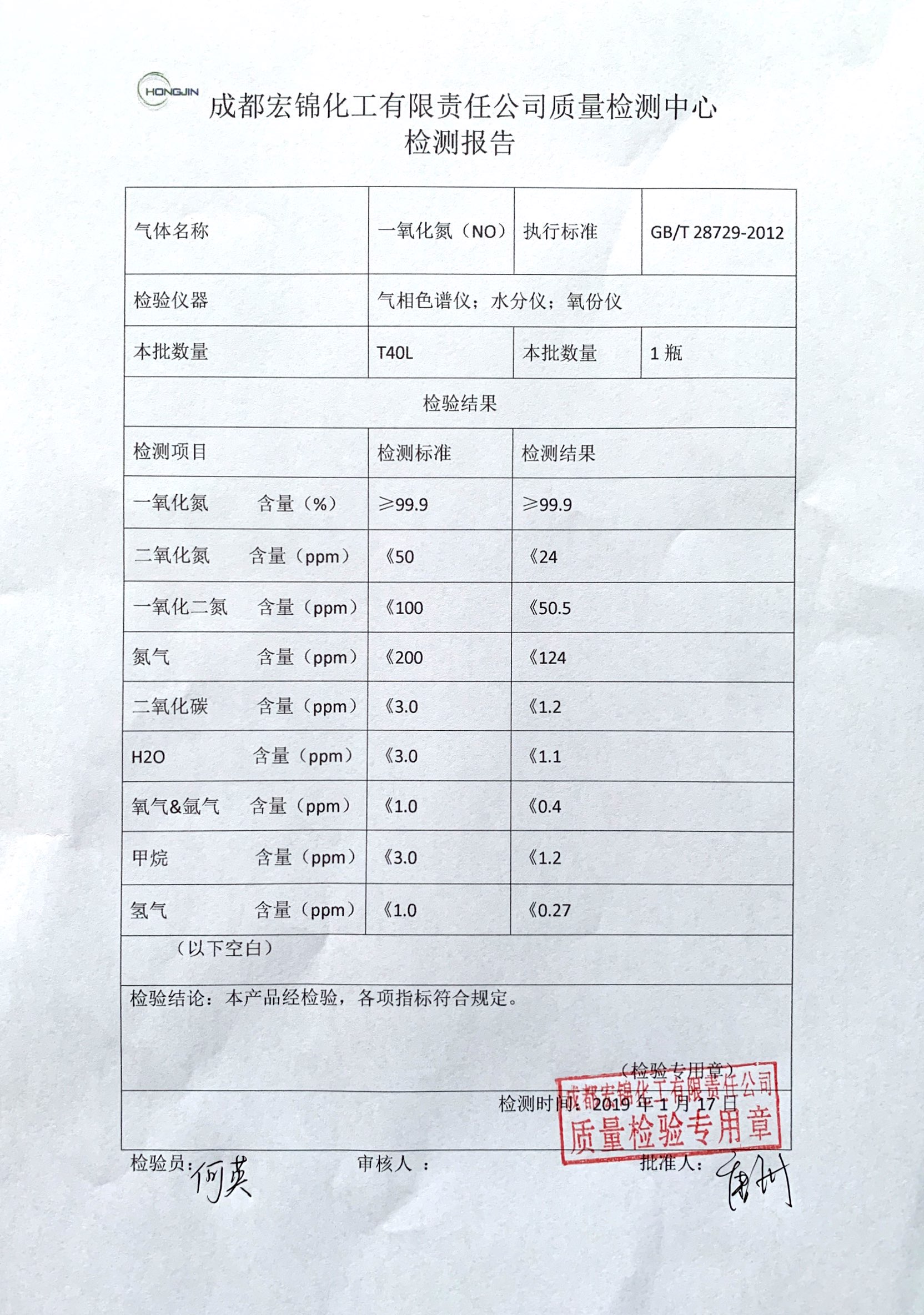 一氧化氮质量检测报告
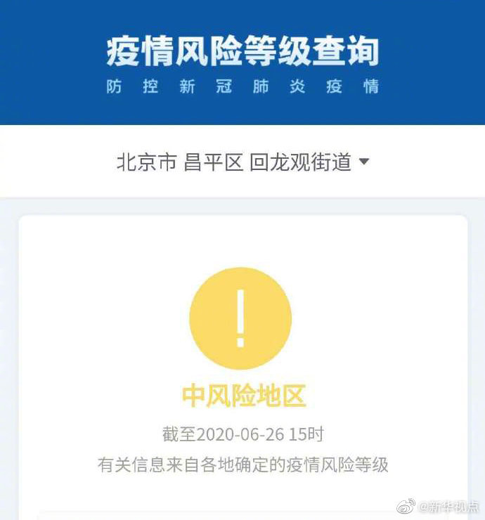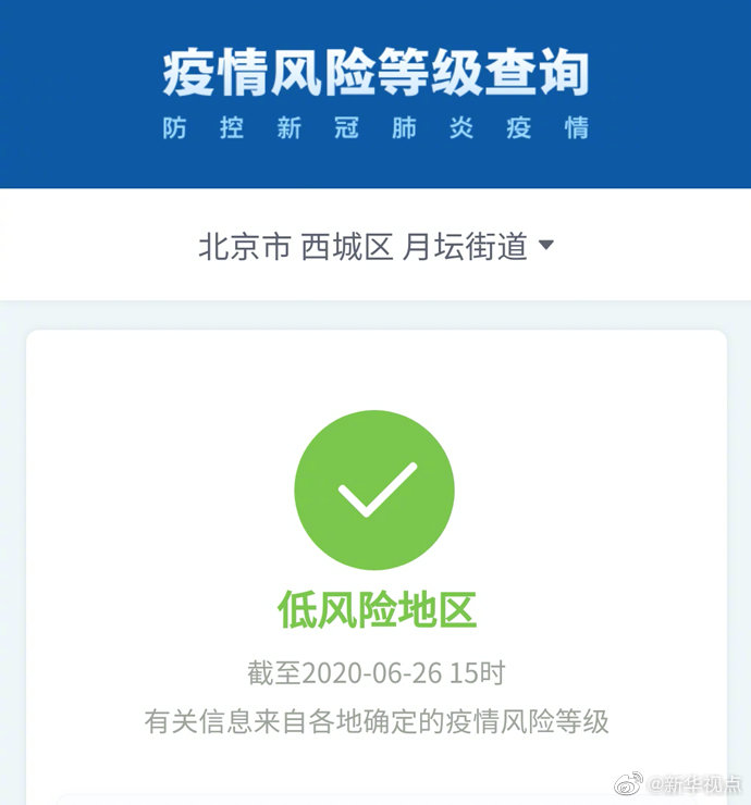 根據(jù)國務(wù)院客戶端小程序“疫情風(fēng)險等級查詢”,截至6月26日15時,北京市西城區(qū)月壇街道由中風(fēng)險地區(qū)變更為低風(fēng)險地區(qū)。海淀區(qū)四季青(地區(qū))鎮(zhèn)、昌平區(qū)回龍觀街道升級為中風(fēng)險地區(qū)。
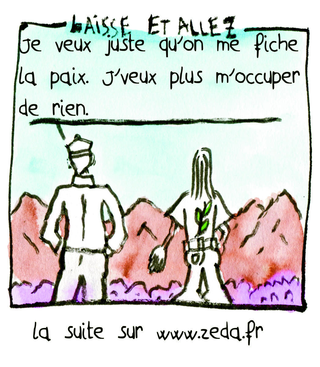 LAISSE ET ALLEZ : – Je veux juste quo’n me fiche la paix. J’veux plus m’occuper de rien. – Tonin, vous voulez quelqu’un qui s’occupe de tout pour que les gens viennent pas vous demandez quoi faire ?
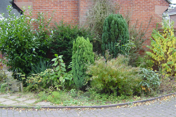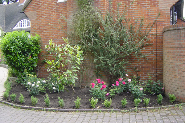 Here is an example of 3 areas in the front & rear gardens of a house in Cobham. The clients wanted to replace existing overgrown conifers and shrubs with a selection of roses. We designed the layout with the help of a specialist rose nursery to create the desired effect. We worked with our landscape partner to completely makeover the front and rear gardens of this large property. First was the clearance of all old plants and tree stumps and clearing the old overgrown compost area. The areas where the trees stumps and compost were removed were seeded to extend the lawn. We dug out the borders of the walled garden many time to remove the infestation of weeds and prepare the soil for planting. We planted in total 133 plants, shrubs and roses with specialists composts, fertilised the lawns and created a new hidden compost area under the canopy of large trees. We used specialist nurseries to hand select the plants, shrubs and roses. Before & After Please click on the photos for a larger image.

* * *

Your task is to repeat exactly the lines from the beginning of the data to the line that contains "LAISSE ET ALLEZ", both ends included, leaving out pictures.

Written answer>
 一氧化氮质量检测报告
 根據(jù)國務(wù)院客戶端小程序“疫情風(fēng)險等級查詢”,截至6月26日15時,北京市西城區(qū)月壇街道由中風(fēng)險地區(qū)變更為低風(fēng)險地區(qū)。海淀區(qū)四季青(地區(qū))鎮(zhèn)、昌平區(qū)回龍觀街道升級為中風(fēng)險地區(qū)。
 LAISSE ET ALLEZ : – Je veux juste quo’n me fiche la paix. J’veux plus m’occuper de rien. – Tonin, vous voulez quelqu’un qui s’occupe de tout pour que les gens viennent pas vous demandez quoi faire ?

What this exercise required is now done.